Kenema, Sierra Leone – When the Ebola ambulance team arrived to pick up the parents of eight-year-old Fatima Bockarie last month, they faced a tough decision. What to do with the child?
Fatima showed no symptoms of Ebola, but having lived in close proximity with her parents, the risk was huge that she, too, had contracted the disease.
Family and friends in the village were also aware of this and, as is common across the country, nobody was willing to take her in.
You survived and you have this immunity. This is your shield. You are warriors.
Now she grins widely from behind a wire mesh fence in the eastern Sierra Leone town of Kenema, where the Red Cross is running a trial of a new system that employs Ebola survivors to care for high-risk children whose parents are being treated for the disease.
‘Warriors’ to the rescue
One such survivor is Mohamed Yillah, a former nurse at the Government Hospital in Kenema. Along with dozens of other staff at the hospital, he contracted Ebola in late July and spent two weeks battling the disease.
“Everyone thinks they will die when they get Ebola.

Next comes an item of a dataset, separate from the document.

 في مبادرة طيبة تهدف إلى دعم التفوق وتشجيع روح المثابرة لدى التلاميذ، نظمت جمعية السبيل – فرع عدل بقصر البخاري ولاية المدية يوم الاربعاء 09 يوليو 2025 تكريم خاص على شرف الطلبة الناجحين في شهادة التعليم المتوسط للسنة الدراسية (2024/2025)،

We know there is no cure,” said Yillah, who was vomiting and had blood in his urine when he checked into the treatment centre. His elder sister was also infected, and she died days later.
When he was eventually discharged, no one would go near him. Even though Ebola survivors are not contagious, widespread fear among the community leads to many being cut off by their friends and family.

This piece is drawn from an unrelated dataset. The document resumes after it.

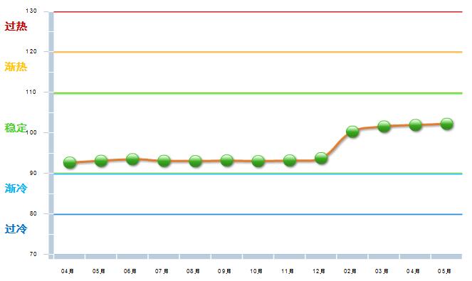 图1 2016.4—2017.5自行车行业主营业务收入景气指数变化态势
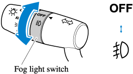 The fog lights can be turned on with the ignition switched ON and the headlights turned on.

“They are my special forces,” said Joachim Gardemann, head of the Red Cross Ebola treatment centre in Kenema. “I tell them, ‘You survived and you have this immunity. This is your shield. You are warriors.'”

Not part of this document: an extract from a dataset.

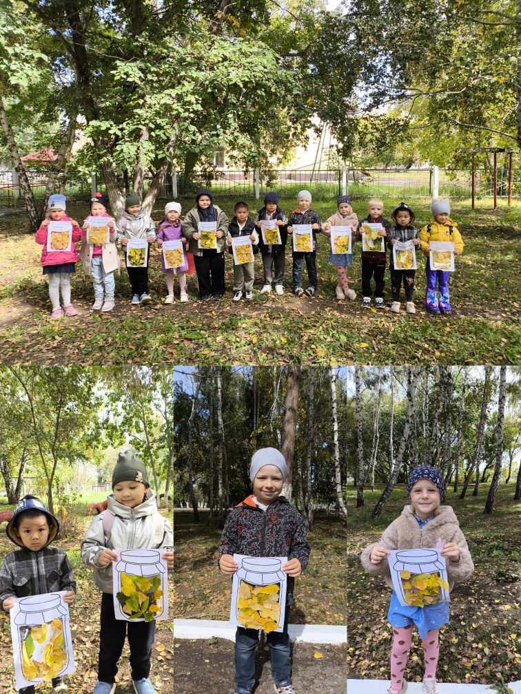 Біз балалармен бірге ең әдемі жапырақтарды жинадық: сары, қызғылт, қызыл және тіпті әлі түсін өзгертпеген жасыл жапырақтар. Әрбір баланың алдында банка салынған суреті болды, сол банкага біз күзгі жапырақтарды «сақтап» қоюға шештік. Бұл сабақ тек ұсақ моториканы және шығармашылық ойлауды дамытып қана қоймай, балаларға қоршаған әлемді жақсырақ тануға көмектеседі. Нәтижесінде бізде тамаша «күзгі естеліктер банкалары» пайда болды.

It is believed the antibodies that develop in the blood of Ebola survivors remain with them for up to 10 years. Crucially, this means they do not need to wear full protective equipment, or PPE, when dealing with the children.
|Ebola survivor Mohamed Yillah has developed immunity to the disease and can interact with children without the intrusive protective gear [Tommy Trenchard/Al Jazeera]|
“We’re in full PPE when we go in there. But in PPE you have to come out after 40 minutes,” said Gardemann.
The plastic suits that protect health workers from the virus are stifling to wear in Sierra Leone’s tropical heat. Wearing them in direct sunlight feels akin to being in a sauna.
Without PPE and the threat of contagion, staff can also offer a much higher level of care, especially for vulnerable children going through a deeply traumatic experience.
The aim, said Gardemann, is to create as normal an environment as possible, and for staff to be able to have their faces exposed is an important part of that.
It seems to be working. The children play and smile like children anywhere else, and they seem to have little awareness of the gravity of their situation. To them it is all a game.
The intimate bonds that have grown between them and the survivor staff is at the same time touching and tragic.
“This is my father,” said Fatima in the local Mende language, pointing at Yillah who stood by in blue scrubs keeping an eye on the five children currently inside the enclosure.
All of the children call him “papa”, and hug him frequently.
Tucked away out of sight just across the road in the much larger treatment centre for confirmed patients, their real parents were fighting for their lives.
Every now and then a child goes on to develop symptoms and is sent across the road to the treatment centre. Even those who escape the virus have a high chance of finding themselves orphans when they are discharged.
Gardemann said the system also provides a kind of psychological therapy for the survivors themselves, who often find it hard to go back to their pre-Ebola lives.
In time, Yillah’s family learned not to fear him. “I forced them to interact with me,” he said.
But for many, going back to their communities is not a comfortable option. At a time when they are most in need of emotional support, survivors are shunned and rejected. Many, too, carry a sense of guilt at having survived while others died, Gardemann said.
Some can be seen just passing the time at the treatment centres where they had been patients. One survivor woman still wanders into the Government Hospital in Kenema every night to sleep out on a bench in the “psychosocial” department.
“She feels more comfortable here than in her own community,” said a member of the hospital staff. “People here understand. They give her the attention she needs to be comfortable.”
For many survivors, joining the Ebola response is a cathartic experience and helps ease the struggle to reintegrate. “We see it in all disasters. People want to do something,” said Gardemann.